Warcio and streams

edsu · December 8, 2020, 10:55pm

I was wondering if it was possible to use warcio to read WARC data from an HTTP stream? I was hoping this would work but it seems to throw an error:

url = 'https://commoncrawl.s3.amazonaws.com/crawl-data/CC-MAIN-2020-45/segments/1603107863364.0/wat/CC-MAIN-20201019145901-20201019175901-00000.warc.wat.gz'

resp = requests.get(url, stream=True)

for record in warcio.ArchiveIterator(resp):
  print(record)

But I get an error:

AttributeError: 'Response' object has no attribute 'read'

Is there a way to stream data over HTTP to warcio?
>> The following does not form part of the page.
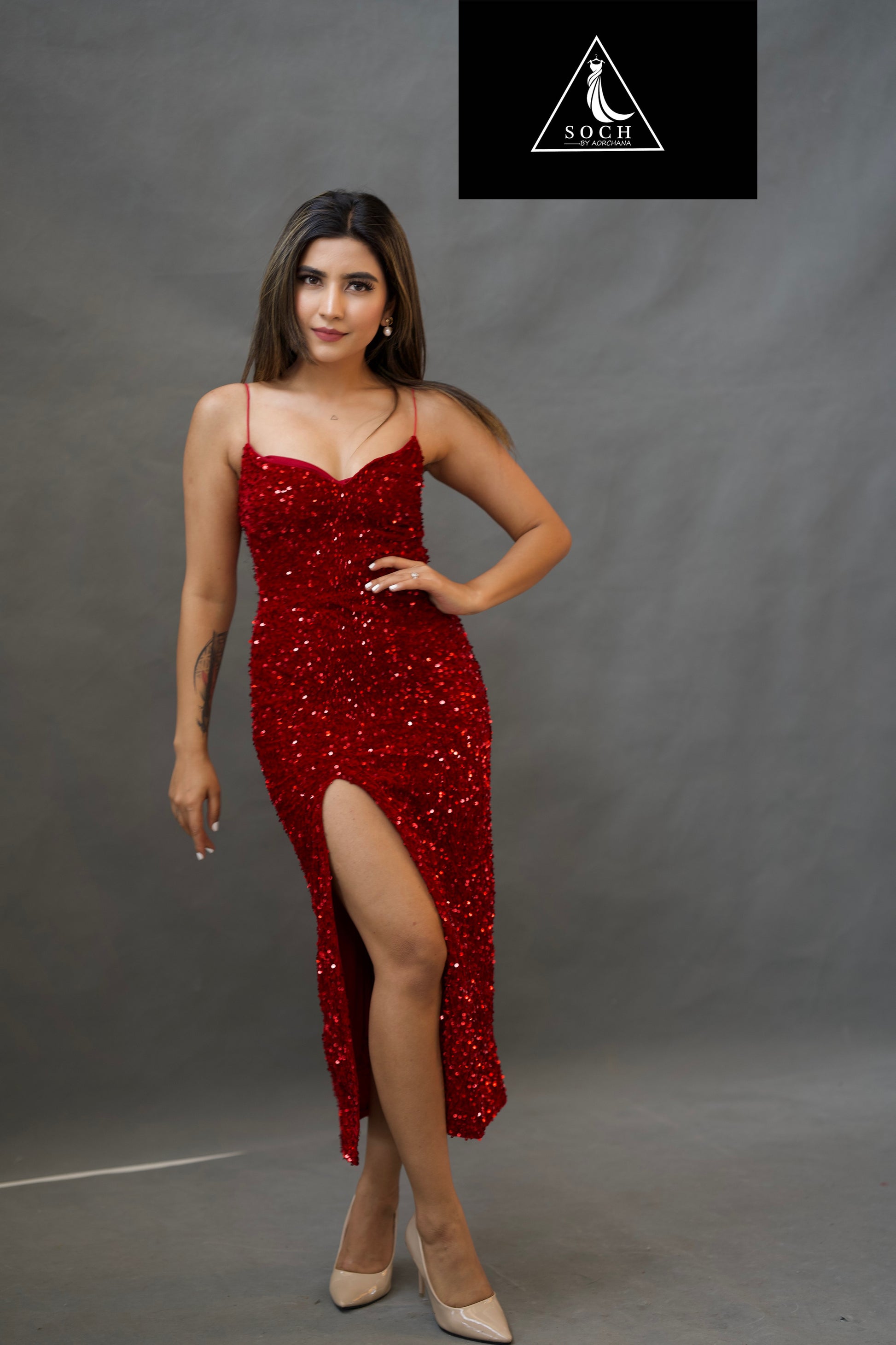 Velvet Sequence bodycone dress. Model in the picture is wearing size small. All sizes are as per asian size.

anj · December 9, 2020, 9:28pm

Hi Ed,

You need to let it at the raw stream:

    import requests
    import warcio
    
    url = 'https://commoncrawl.s3.amazonaws.com/crawl-data/CC-MAIN-2020-45/segments/1603107863364.0/wat/CC-MAIN-20201019145901-20201019175901-00000.warc.wat.gz'
    
    resp = requests.get(url, stream=True)
    
    for record in warcio.ArchiveIterator(resp.raw):
        print(record.rec_headers)

See e.g. https://colab.research.google.com/drive/1YPbGCL6TwauFc432Gq3c-aIq6YtwJaiq?usp=sharing

edsu · December 9, 2020, 11:49pm

Ahah, thanks @anj I will give that a try!